## ABOUT THIS TASK
Images should not appear in the copy, yet every line of the listing below must be printed exactly.

## INFORMATION SHOWN
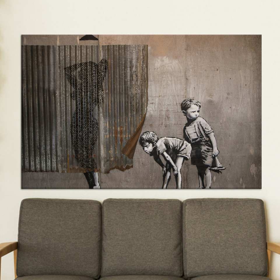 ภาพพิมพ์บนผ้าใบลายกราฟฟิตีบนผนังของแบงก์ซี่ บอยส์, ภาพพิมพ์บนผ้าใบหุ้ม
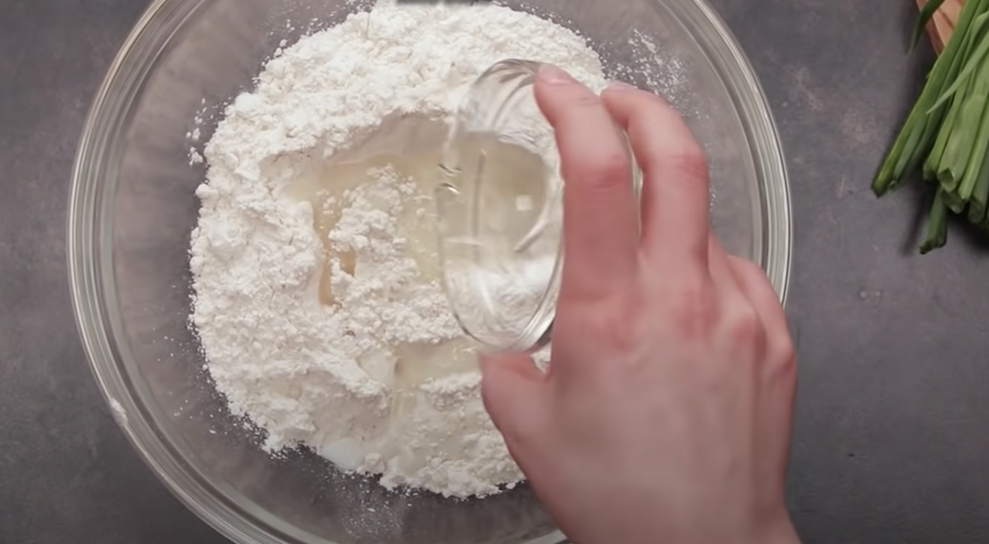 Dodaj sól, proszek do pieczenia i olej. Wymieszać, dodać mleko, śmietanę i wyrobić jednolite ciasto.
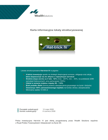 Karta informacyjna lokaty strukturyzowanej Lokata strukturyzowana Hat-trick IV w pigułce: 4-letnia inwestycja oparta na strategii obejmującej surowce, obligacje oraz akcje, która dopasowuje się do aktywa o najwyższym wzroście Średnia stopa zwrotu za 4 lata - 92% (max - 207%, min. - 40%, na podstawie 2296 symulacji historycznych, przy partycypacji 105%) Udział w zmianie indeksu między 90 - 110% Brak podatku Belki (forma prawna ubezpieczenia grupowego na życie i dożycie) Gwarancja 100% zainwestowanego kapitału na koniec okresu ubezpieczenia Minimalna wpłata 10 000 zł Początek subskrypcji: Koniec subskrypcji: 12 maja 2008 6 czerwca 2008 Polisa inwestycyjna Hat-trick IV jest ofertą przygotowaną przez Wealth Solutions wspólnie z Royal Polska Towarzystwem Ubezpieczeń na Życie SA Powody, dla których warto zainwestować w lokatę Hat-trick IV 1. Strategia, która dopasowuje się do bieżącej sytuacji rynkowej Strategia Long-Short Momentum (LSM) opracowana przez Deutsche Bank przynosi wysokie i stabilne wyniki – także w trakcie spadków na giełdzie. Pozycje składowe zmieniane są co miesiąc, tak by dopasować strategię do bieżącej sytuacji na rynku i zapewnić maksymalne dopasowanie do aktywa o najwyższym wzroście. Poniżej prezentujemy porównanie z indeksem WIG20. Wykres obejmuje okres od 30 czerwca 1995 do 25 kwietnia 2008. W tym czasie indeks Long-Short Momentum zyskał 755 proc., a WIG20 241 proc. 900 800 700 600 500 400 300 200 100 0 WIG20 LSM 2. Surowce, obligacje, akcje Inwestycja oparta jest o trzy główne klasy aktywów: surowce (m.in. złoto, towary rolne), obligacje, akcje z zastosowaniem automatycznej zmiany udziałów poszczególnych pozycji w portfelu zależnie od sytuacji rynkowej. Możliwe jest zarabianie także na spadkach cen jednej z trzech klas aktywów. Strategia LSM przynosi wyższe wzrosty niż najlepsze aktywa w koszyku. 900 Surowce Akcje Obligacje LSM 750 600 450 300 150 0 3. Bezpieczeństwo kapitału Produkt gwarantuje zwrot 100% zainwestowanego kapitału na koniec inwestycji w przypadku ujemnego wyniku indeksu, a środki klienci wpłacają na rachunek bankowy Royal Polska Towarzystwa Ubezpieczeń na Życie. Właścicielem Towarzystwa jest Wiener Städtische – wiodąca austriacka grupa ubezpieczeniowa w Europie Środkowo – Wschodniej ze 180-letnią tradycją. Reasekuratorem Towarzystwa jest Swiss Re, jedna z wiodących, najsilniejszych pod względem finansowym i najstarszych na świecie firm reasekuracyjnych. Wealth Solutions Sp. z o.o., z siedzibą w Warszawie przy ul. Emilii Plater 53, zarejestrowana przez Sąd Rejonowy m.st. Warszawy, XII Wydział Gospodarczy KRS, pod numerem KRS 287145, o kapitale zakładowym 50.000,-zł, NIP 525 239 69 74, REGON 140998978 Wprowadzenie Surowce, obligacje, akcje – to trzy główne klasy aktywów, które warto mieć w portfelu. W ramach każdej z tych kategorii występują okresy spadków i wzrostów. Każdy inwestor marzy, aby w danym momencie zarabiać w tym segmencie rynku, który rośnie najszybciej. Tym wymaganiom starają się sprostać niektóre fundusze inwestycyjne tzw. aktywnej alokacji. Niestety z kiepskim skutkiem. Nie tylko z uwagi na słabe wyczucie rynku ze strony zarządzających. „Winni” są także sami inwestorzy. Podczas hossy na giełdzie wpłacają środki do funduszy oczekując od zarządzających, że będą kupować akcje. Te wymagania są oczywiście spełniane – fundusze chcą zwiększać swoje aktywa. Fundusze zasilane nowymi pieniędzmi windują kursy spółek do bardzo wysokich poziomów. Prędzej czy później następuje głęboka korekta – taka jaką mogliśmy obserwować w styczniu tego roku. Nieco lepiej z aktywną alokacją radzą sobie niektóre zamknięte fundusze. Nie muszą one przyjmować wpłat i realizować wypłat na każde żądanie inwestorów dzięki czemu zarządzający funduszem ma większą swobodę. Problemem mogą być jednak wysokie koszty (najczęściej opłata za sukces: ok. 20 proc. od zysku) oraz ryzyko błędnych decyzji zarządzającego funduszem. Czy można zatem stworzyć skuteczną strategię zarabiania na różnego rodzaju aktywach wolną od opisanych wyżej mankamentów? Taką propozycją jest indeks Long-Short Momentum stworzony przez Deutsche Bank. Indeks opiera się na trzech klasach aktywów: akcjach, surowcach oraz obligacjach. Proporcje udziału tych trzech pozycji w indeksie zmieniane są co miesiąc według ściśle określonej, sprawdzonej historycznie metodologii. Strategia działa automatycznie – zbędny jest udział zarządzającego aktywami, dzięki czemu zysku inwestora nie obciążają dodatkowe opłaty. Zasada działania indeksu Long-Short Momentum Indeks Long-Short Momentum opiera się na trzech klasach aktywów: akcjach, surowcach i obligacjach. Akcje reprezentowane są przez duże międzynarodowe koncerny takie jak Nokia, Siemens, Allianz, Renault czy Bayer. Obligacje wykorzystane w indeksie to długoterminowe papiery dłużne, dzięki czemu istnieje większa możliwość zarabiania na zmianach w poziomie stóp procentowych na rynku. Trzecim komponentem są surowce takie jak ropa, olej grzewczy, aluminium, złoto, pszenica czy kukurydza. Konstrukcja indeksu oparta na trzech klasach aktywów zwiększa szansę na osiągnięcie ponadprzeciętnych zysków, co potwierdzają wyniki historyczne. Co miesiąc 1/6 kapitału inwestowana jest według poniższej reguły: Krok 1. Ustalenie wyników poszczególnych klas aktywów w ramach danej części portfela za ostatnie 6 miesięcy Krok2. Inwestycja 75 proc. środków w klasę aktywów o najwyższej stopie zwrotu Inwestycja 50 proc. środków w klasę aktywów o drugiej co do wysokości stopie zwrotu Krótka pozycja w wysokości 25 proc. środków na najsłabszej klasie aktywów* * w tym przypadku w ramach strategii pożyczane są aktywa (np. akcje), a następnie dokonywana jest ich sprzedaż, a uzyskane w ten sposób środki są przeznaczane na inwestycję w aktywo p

## REPLY
 ภาพพิมพ์บนผ้าใบลายกราฟฟิตีบนผนังของแบงก์ซี่ บอยส์, ภาพพิมพ์บนผ้าใบหุ้ม
 Dodaj sól, proszek do pieczenia i olej. Wymieszać, dodać mleko, śmietanę i wyrobić jednolite ciasto.
 Karta informacyjna lokaty strukturyzowanej Lokata strukturyzowana Hat-trick IV w pigułce: 4-letnia inwestycja oparta na strategii obejmującej surowce, obligacje oraz akcje, która dopasowuje się do aktywa o najwyższym wzroście Średnia stopa zwrotu za 4 lata - 92% (max - 207%, min. - 40%, na podstawie 2296 symulacji historycznych, przy partycypacji 105%) Udział w zmianie indeksu między 90 - 110% Brak podatku Belki (forma prawna ubezpieczenia grupowego na życie i dożycie) Gwarancja 100% zainwestowanego kapitału na koniec okresu ubezpieczenia Minimalna wpłata 10 000 zł Początek subskrypcji: Koniec subskrypcji: 12 maja 2008 6 czerwca 2008 Polisa inwestycyjna Hat-trick IV jest ofertą przygotowaną przez Wealth Solutions wspólnie z Royal Polska Towarzystwem Ubezpieczeń na Życie SA Powody, dla których warto zainwestować w lokatę Hat-trick IV 1. Strategia, która dopasowuje się do bieżącej sytuacji rynkowej Strategia Long-Short Momentum (LSM) opracowana przez Deutsche Bank przynosi wysokie i stabilne wyniki – także w trakcie spadków na giełdzie. Pozycje składowe zmieniane są co miesiąc, tak by dopasować strategię do bieżącej sytuacji na rynku i zapewnić maksymalne dopasowanie do aktywa o najwyższym wzroście. Poniżej prezentujemy porównanie z indeksem WIG20. Wykres obejmuje okres od 30 czerwca 1995 do 25 kwietnia 2008. W tym czasie indeks Long-Short Momentum zyskał 755 proc., a WIG20 241 proc. 900 800 700 600 500 400 300 200 100 0 WIG20 LSM 2. Surowce, obligacje, akcje Inwestycja oparta jest o trzy główne klasy aktywów: surowce (m.in. złoto, towary rolne), obligacje, akcje z zastosowaniem automatycznej zmiany udziałów poszczególnych pozycji w portfelu zależnie od sytuacji rynkowej. Możliwe jest zarabianie także na spadkach cen jednej z trzech klas aktywów. Strategia LSM przynosi wyższe wzrosty niż najlepsze aktywa w koszyku. 900 Surowce Akcje Obligacje LSM 750 600 450 300 150 0 3. Bezpieczeństwo kapitału Produkt gwarantuje zwrot 100% zainwestowanego kapitału na koniec inwestycji w przypadku ujemnego wyniku indeksu, a środki klienci wpłacają na rachunek bankowy Royal Polska Towarzystwa Ubezpieczeń na Życie. Właścicielem Towarzystwa jest Wiener Städtische – wiodąca austriacka grupa ubezpieczeniowa w Europie Środkowo – Wschodniej ze 180-letnią tradycją. Reasekuratorem Towarzystwa jest Swiss Re, jedna z wiodących, najsilniejszych pod względem finansowym i najstarszych na świecie firm reasekuracyjnych. Wealth Solutions Sp. z o.o., z siedzibą w Warszawie przy ul. Emilii Plater 53, zarejestrowana przez Sąd Rejonowy m.st. Warszawy, XII Wydział Gospodarczy KRS, pod numerem KRS 287145, o kapitale zakładowym 50.000,-zł, NIP 525 239 69 74, REGON 140998978 Wprowadzenie Surowce, obligacje, akcje – to trzy główne klasy aktywów, które warto mieć w portfelu. W ramach każdej z tych kategorii występują okresy spadków i wzrostów. Każdy inwestor marzy, aby w danym momencie zarabiać w tym segmencie rynku, który rośnie najszybciej. Tym wymaganiom starają się sprostać niektóre fundusze inwestycyjne tzw. aktywnej alokacji. Niestety z kiepskim skutkiem. Nie tylko z uwagi na słabe wyczucie rynku ze strony zarządzających. „Winni” są także sami inwestorzy. Podczas hossy na giełdzie wpłacają środki do funduszy oczekując od zarządzających, że będą kupować akcje. Te wymagania są oczywiście spełniane – fundusze chcą zwiększać swoje aktywa. Fundusze zasilane nowymi pieniędzmi windują kursy spółek do bardzo wysokich poziomów. Prędzej czy później następuje głęboka korekta – taka jaką mogliśmy obserwować w styczniu tego roku. Nieco lepiej z aktywną alokacją radzą sobie niektóre zamknięte fundusze. Nie muszą one przyjmować wpłat i realizować wypłat na każde żądanie inwestorów dzięki czemu zarządzający funduszem ma większą swobodę. Problemem mogą być jednak wysokie koszty (najczęściej opłata za sukces: ok. 20 proc. od zysku) oraz ryzyko błędnych decyzji zarządzającego funduszem. Czy można zatem stworzyć skuteczną strategię zarabiania na różnego rodzaju aktywach wolną od opisanych wyżej mankamentów? Taką propozycją jest indeks Long-Short Momentum stworzony przez Deutsche Bank. Indeks opiera się na trzech klasach aktywów: akcjach, surowcach oraz obligacjach. Proporcje udziału tych trzech pozycji w indeksie zmieniane są co miesiąc według ściśle określonej, sprawdzonej historycznie metodologii. Strategia działa automatycznie – zbędny jest udział zarządzającego aktywami, dzięki czemu zysku inwestora nie obciążają dodatkowe opłaty. Zasada działania indeksu Long-Short Momentum Indeks Long-Short Momentum opiera się na trzech klasach aktywów: akcjach, surowcach i obligacjach. Akcje reprezentowane są przez duże międzynarodowe koncerny takie jak Nokia, Siemens, Allianz, Renault czy Bayer. Obligacje wykorzystane w indeksie to długoterminowe papiery dłużne, dzięki czemu istnieje większa możliwość zarabiania na zmianach w poziomie stóp procentowych na rynku. Trzecim komponentem są surowce takie jak ropa, olej grzewczy, aluminium, złoto, pszenica czy kukurydza. Konstrukcja indeksu oparta na trzech klasach aktywów zwiększa szansę na osiągnięcie ponadprzeciętnych zysków, co potwierdzają wyniki historyczne. Co miesiąc 1/6 kapitału inwestowana jest według poniższej reguły: Krok 1. Ustalenie wyników poszczególnych klas aktywów w ramach danej części portfela za ostatnie 6 miesięcy Krok2. Inwestycja 75 proc. środków w klasę aktywów o najwyższej stopie zwrotu Inwestycja 50 proc. środków w klasę aktywów o drugiej co do wysokości stopie zwrotu Krótka pozycja w wysokości 25 proc. środków na najsłabszej klasie aktywów* * w tym przypadku w ramach strategii pożyczane są aktywa (np. akcje), a następnie dokonywana jest ich sprzedaż, a uzyskane w ten sposób środki są przeznaczane na inwestycję w aktywo p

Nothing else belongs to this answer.